Non-TypeScript servers: the MCP Apps App SDK
If your server isn't TypeScript (e.g. Python / FastMCP, Go, …), you can't use @mcp-ui/server's createUIResource, so there's no adapter — the postMessage code above won't connect. Instead, speak AppBridge directly with the native @modelcontextprotocol/ext-apps App SDK (^1.7.x, matching the host). Because of the default-deny content policy, bundle the SDK into your HTML at build time — a runtime import (remote or relative) is blocked from a ui:// page, which has no same-origin to fetch from, unless you allow-list a domain in the resource's CSP.
<!doctype html>
<meta charset="utf-8" />
<body>
<button id="run">Run</button>
<pre id="out"></pre>
<script type="module">
// BUILD STEP: bundle @modelcontextprotocol/ext-apps + this code into ONE inline
// module (e.g. `esbuild --bundle`), so there's NO runtime import — the default-deny
// CSP blocks remote/relative module loads from a ui:// page. After bundling, `App`
// is in scope here (it came from the bundled ext-apps source).

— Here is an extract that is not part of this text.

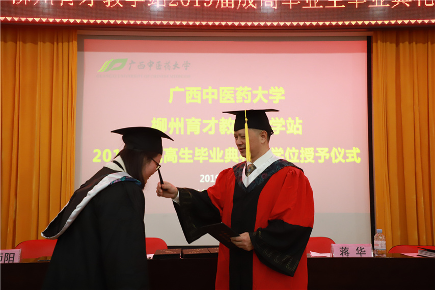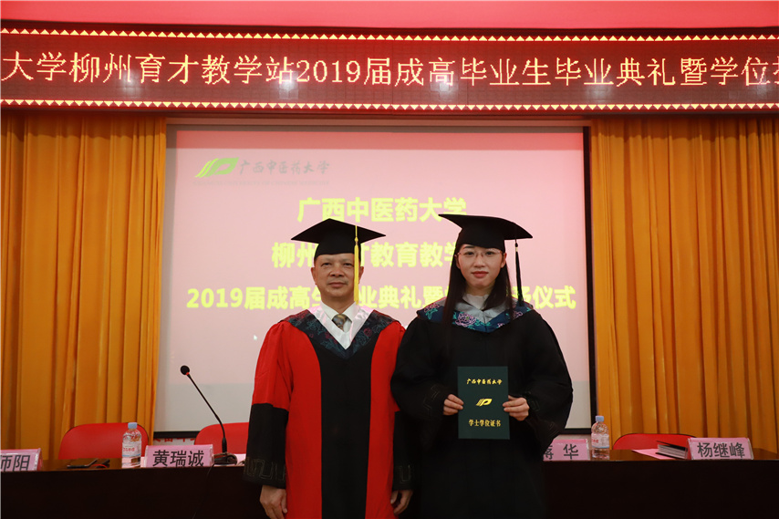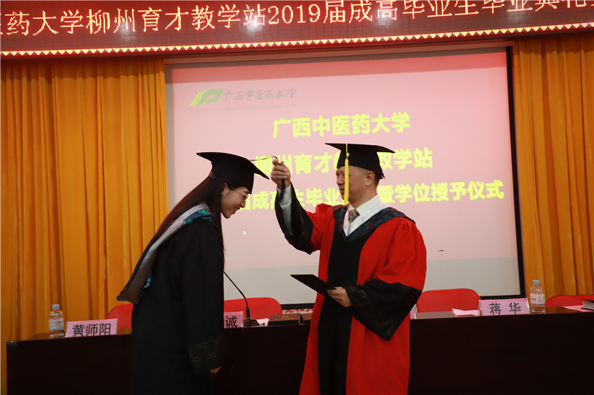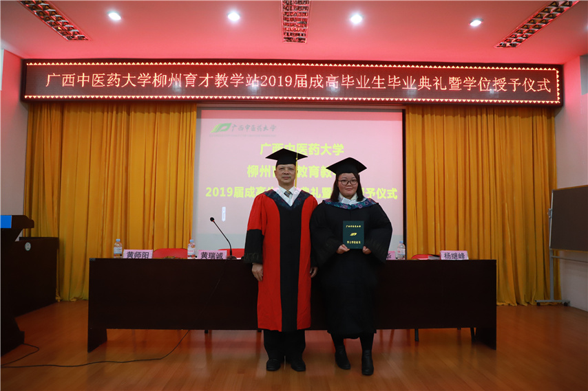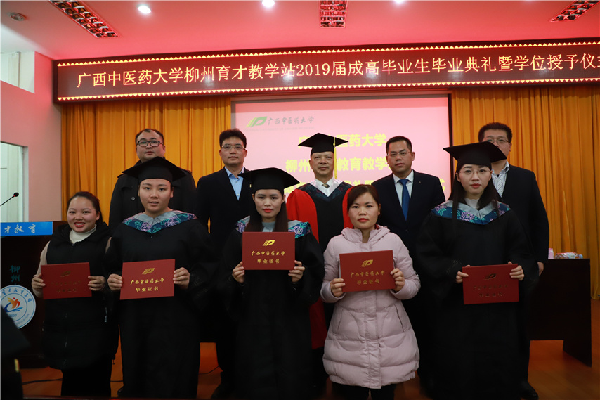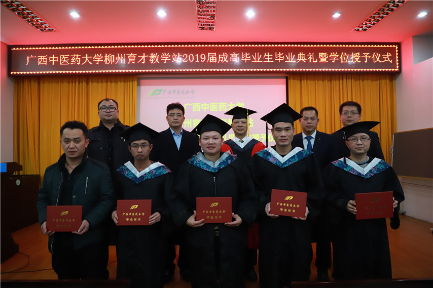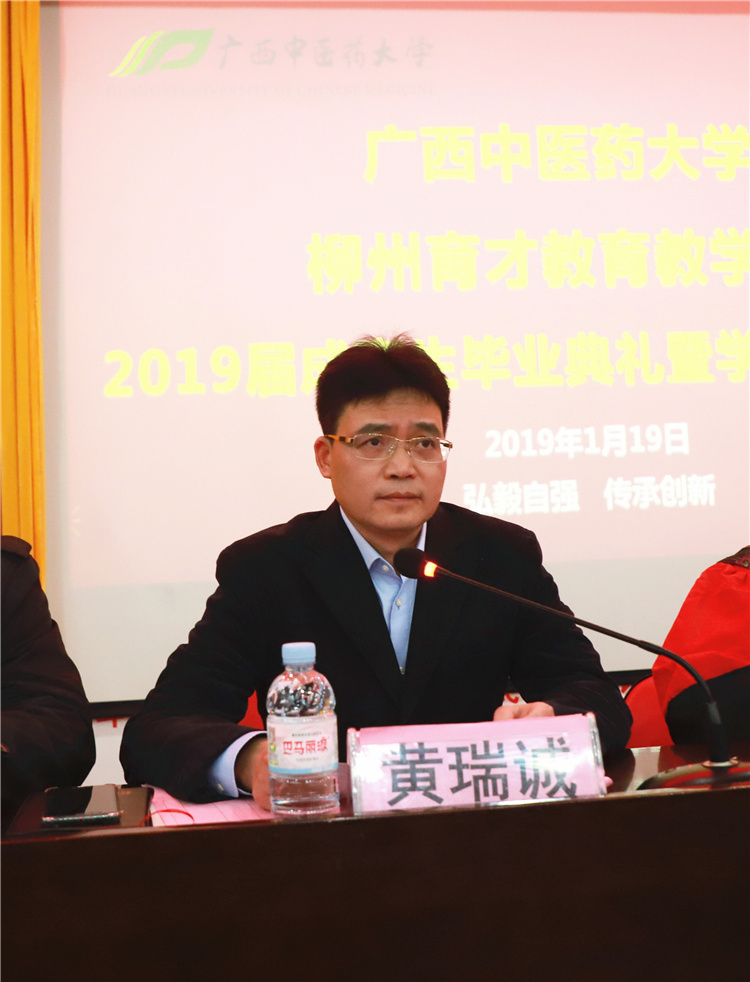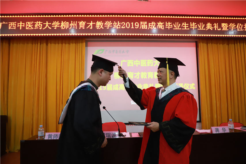 1月19日下午,廣西中醫(yī)藥大學(xué)柳州育才教學(xué)站2019屆成高畢業(yè)典禮暨學(xué)位授予儀式在柳州市中醫(yī)院隆重舉行。廣西中醫(yī)藥大學(xué)成人繼續(xù)教育學(xué)院院長(zhǎng)、博士生導(dǎo)師、二級(jí)教授韋艾凌、副院長(zhǎng)黃瑞誠(chéng)、學(xué)院培訓(xùn)中心主任楊繼峰、招生科科長(zhǎng)黃師陽(yáng)、育才黨總支書記、教學(xué)站站長(zhǎng)蔣華、副站長(zhǎng)李彩梅以及來自柳州醫(yī)學(xué)行業(yè)的100多名專本科畢業(yè)生代表參加了畢業(yè)典禮。會(huì)議由黃瑞誠(chéng)副院長(zhǎng)主持。

const app = new App({ name: 'my-feature', version: '1.0.0' }, {}, { autoResize: true });
let connected = false;
// Register handlers BEFORE connect() — these one-shot events can be missed otherwise.
// Initial data the host hands you at open time (the args the UI tool was opened with,
// and its structured result).
app.addEventListener('toolinput', (p) => { /* p.arguments — populate your form */ });
app.addEventListener('toolresult', (p) => { /* p.structuredContent — seed from the result */ });
// Call one of THIS server's tools (proxied through the host, re-gated server-side).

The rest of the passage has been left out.